▶ YOUR INSTRUCTIONS: Repeat the following entries exactly, excluding pictures.
═════ DATA TO PROCESS
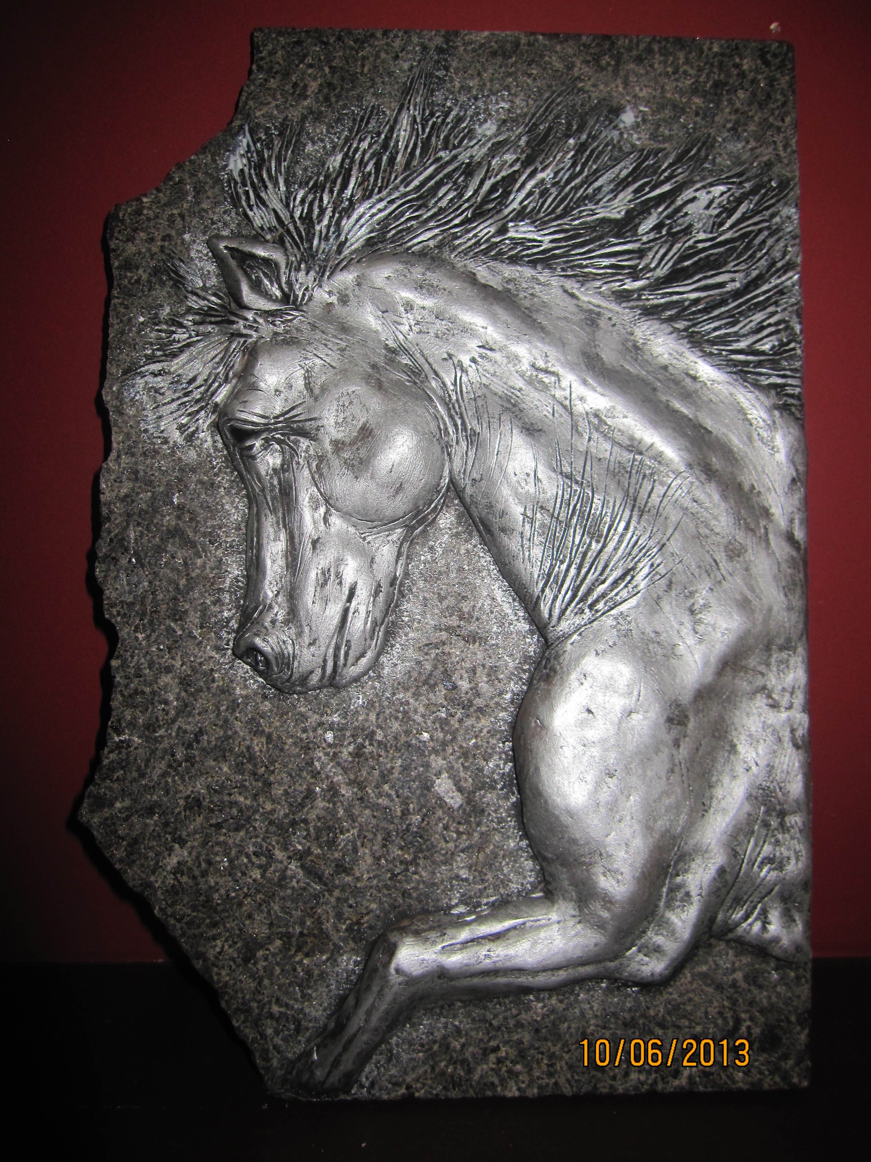 The western tradition of sculpture began in Ancient Greece. There are two basic kinds of sculpture – free standing such as statues, and the various types of relief which are attached to a background surface. Relief is classified by the degree of projection from the background and is referred to as low bas-relief or high relief. This horse is an example of a bas-relief sculpture I did on a limestone background.
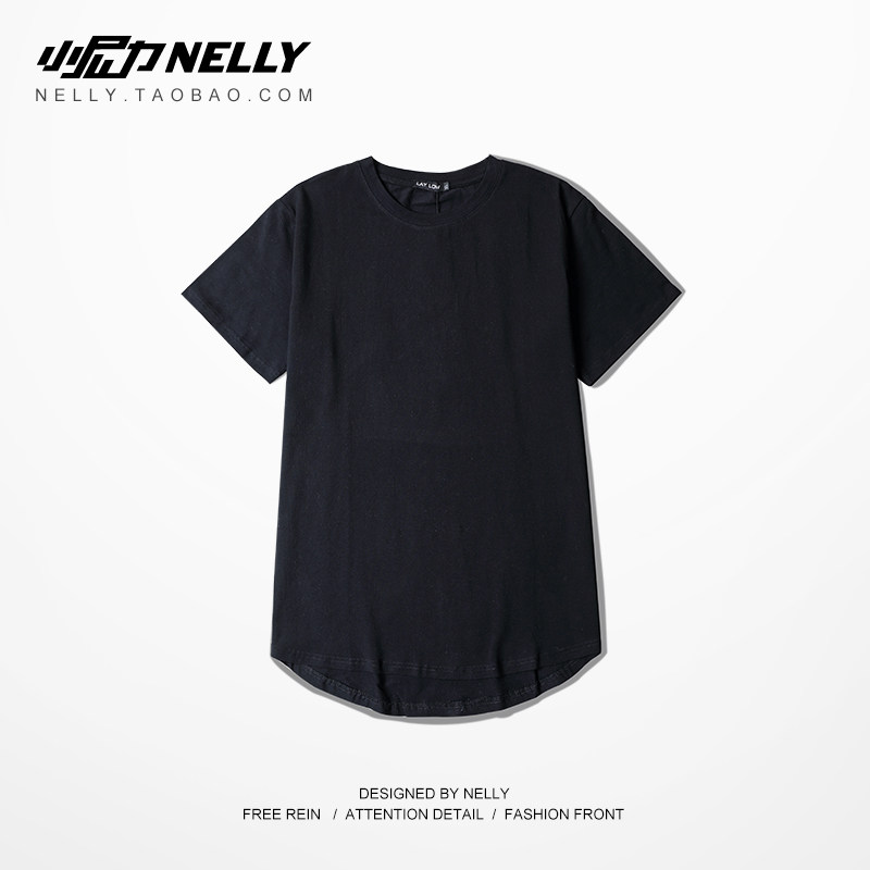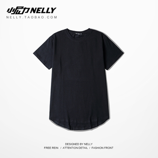 TEE 短袖 男女T恤 半袖 暗黑体恤 高街纯色打底衫 中袖 圆弧下摆加长款
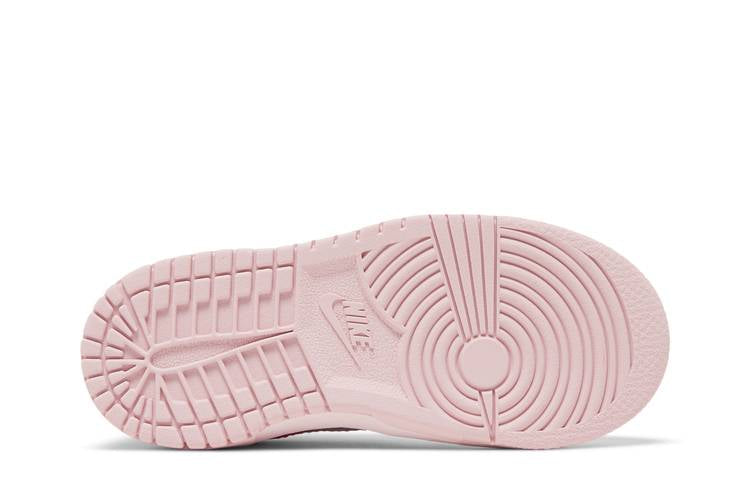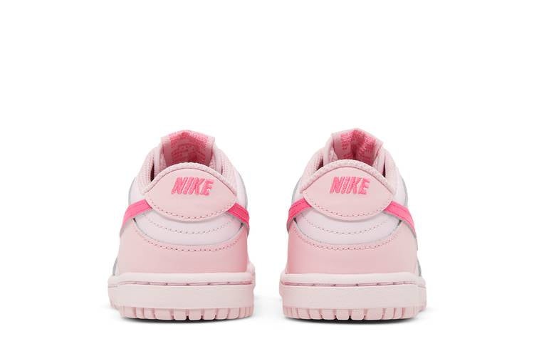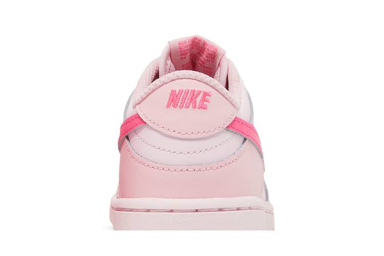 The Nike Dunk Low Triple Pink (TD) features a combination of dark and light pink leather upper with a pink Nike Swoosh. The perforated toe box and heel counter are in a lighter shade of pink, made of synthetic leather from recycled polyester. The rubber outsole and midsole are also in light pink hues. This toddler shoe was released on January 1, 2022.
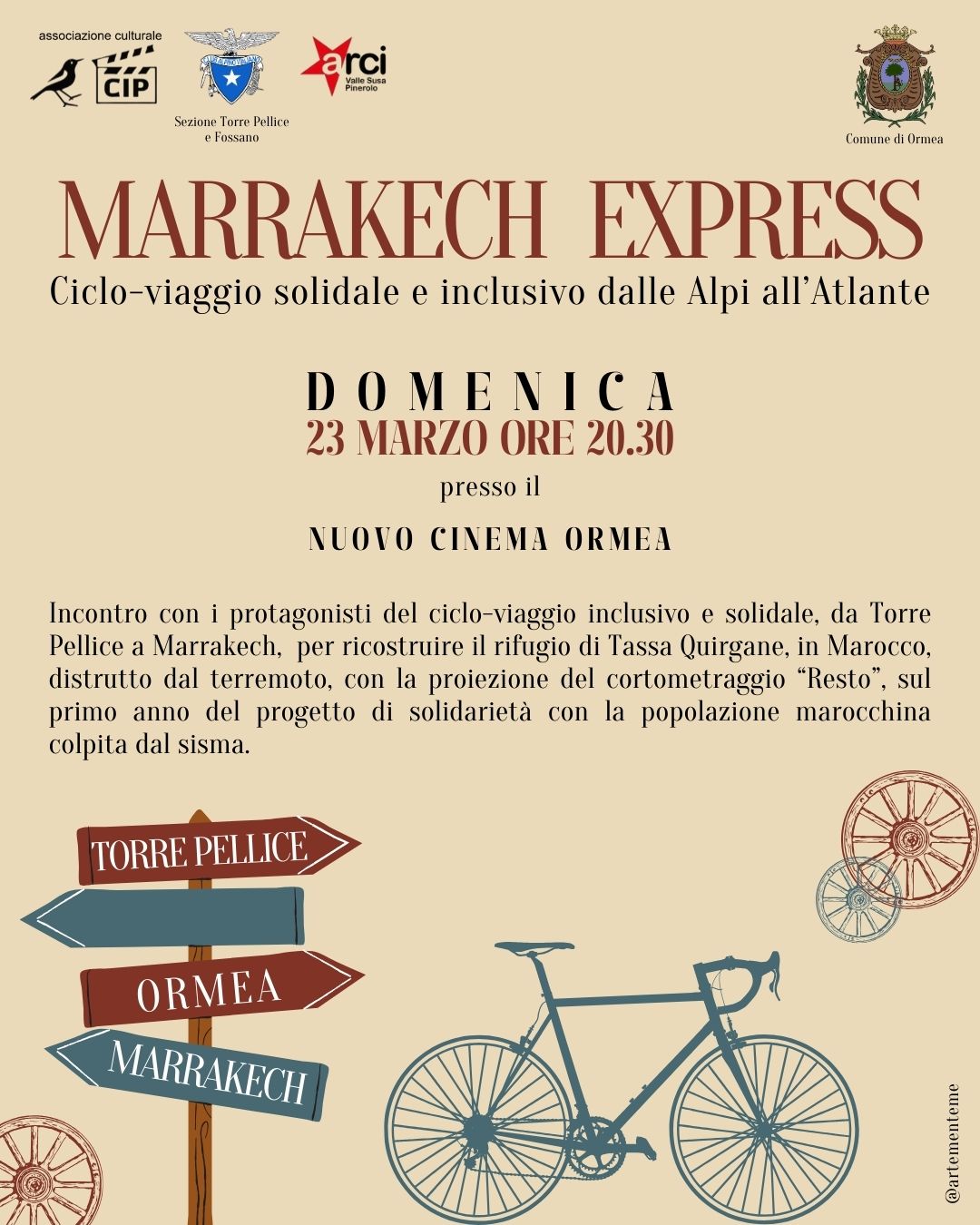 Unisciti a noi per un incontro speciale con i protagonisti di Marrakech Express, il ciclo-viaggio solidale e inclusivo che ha attraversato le strade da Torre Pellice a Marrakech con un obiettivo importante: contribuire alla ricostruzione del rifugio di Tassa Quirigane, in Marocco, distrutto dal terremoto.
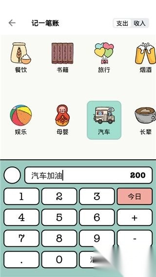 1、记账时需要选择一个分类,切换支出或者收入
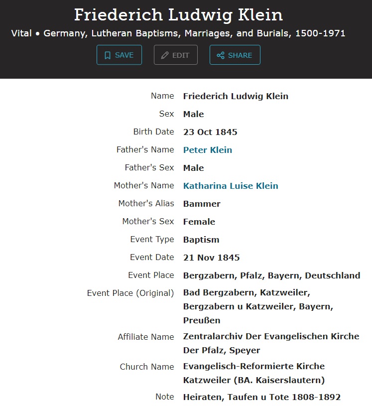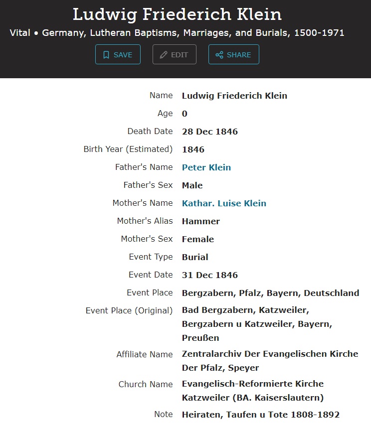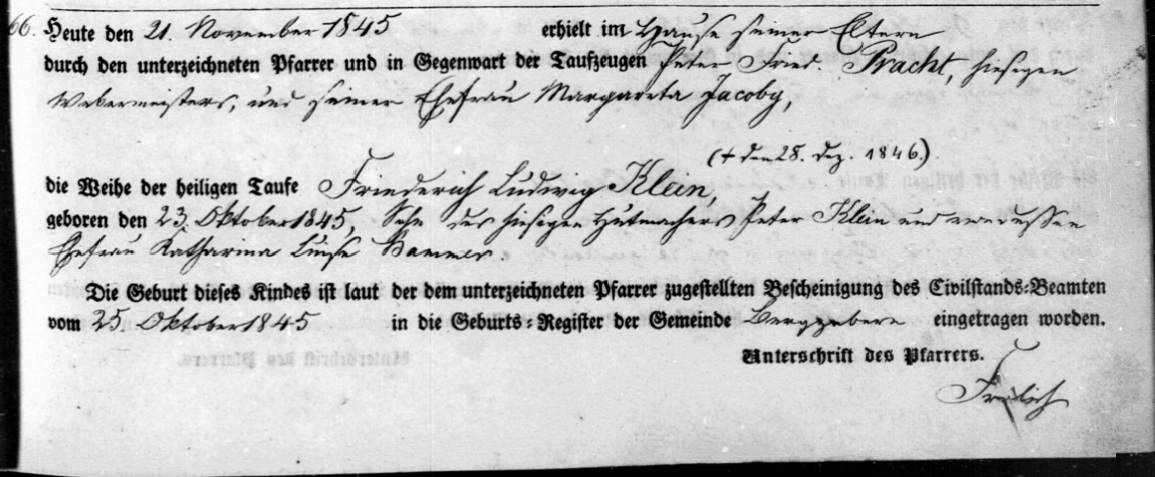 Friederich Ludwig Klein was born on October 23, 1845 in Bad Bergzabern, Südliche Weinstraße, Rhineland-Palatinate, Germany. He died on December 28, 1846, at age 1, in Bad Bergzabern, Südliche Weinstraße, Rhineland-Palatinate, Germany.
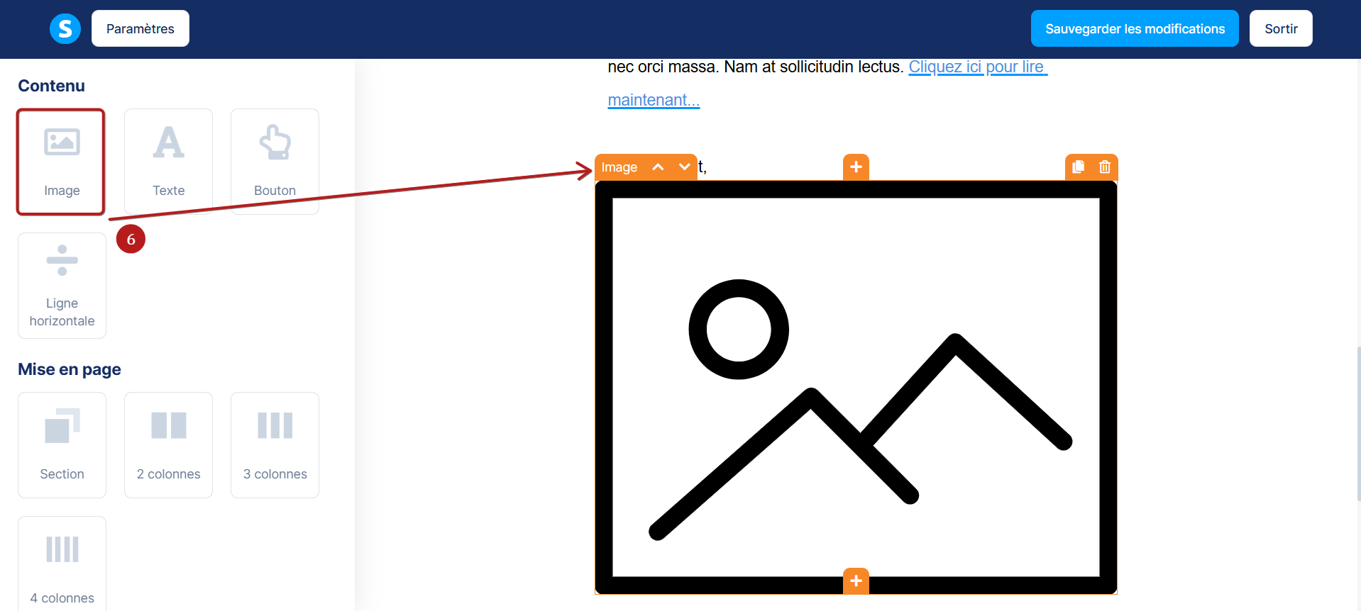 Une fois sur l'éditeur visuel de votre email, il vous suffit de glisser-déposer l'élément "Image" sur le contenu de l'éditeur de votre page (6).
══════════
▶ ANSWER TO THE PROBLEM:
 The western tradition of sculpture began in Ancient Greece. There are two basic kinds of sculpture – free standing such as statues, and the various types of relief which are attached to a background surface. Relief is classified by the degree of projection from the background and is referred to as low bas-relief or high relief. This horse is an example of a bas-relief sculpture I did on a limestone background.
 TEE 短袖 男女T恤 半袖 暗黑体恤 高街纯色打底衫 中袖 圆弧下摆加长款
 The Nike Dunk Low Triple Pink (TD) features a combination of dark and light pink leather upper with a pink Nike Swoosh. The perforated toe box and heel counter are in a lighter shade of pink, made of synthetic leather from recycled polyester. The rubber outsole and midsole are also in light pink hues. This toddler shoe was released on January 1, 2022.
 Unisciti a noi per un incontro speciale con i protagonisti di Marrakech Express, il ciclo-viaggio solidale e inclusivo che ha attraversato le strade da Torre Pellice a Marrakech con un obiettivo importante: contribuire alla ricostruzione del rifugio di Tassa Quirigane, in Marocco, distrutto dal terremoto.
 1、记账时需要选择一个分类,切换支出或者收入
 Friederich Ludwig Klein was born on October 23, 1845 in Bad Bergzabern, Südliche Weinstraße, Rhineland-Palatinate, Germany. He died on December 28, 1846, at age 1, in Bad Bergzabern, Südliche Weinstraße, Rhineland-Palatinate, Germany.
 Une fois sur l'éditeur visuel de votre email, il vous suffit de glisser-déposer l'élément "Image" sur le contenu de l'éditeur de votre page (6).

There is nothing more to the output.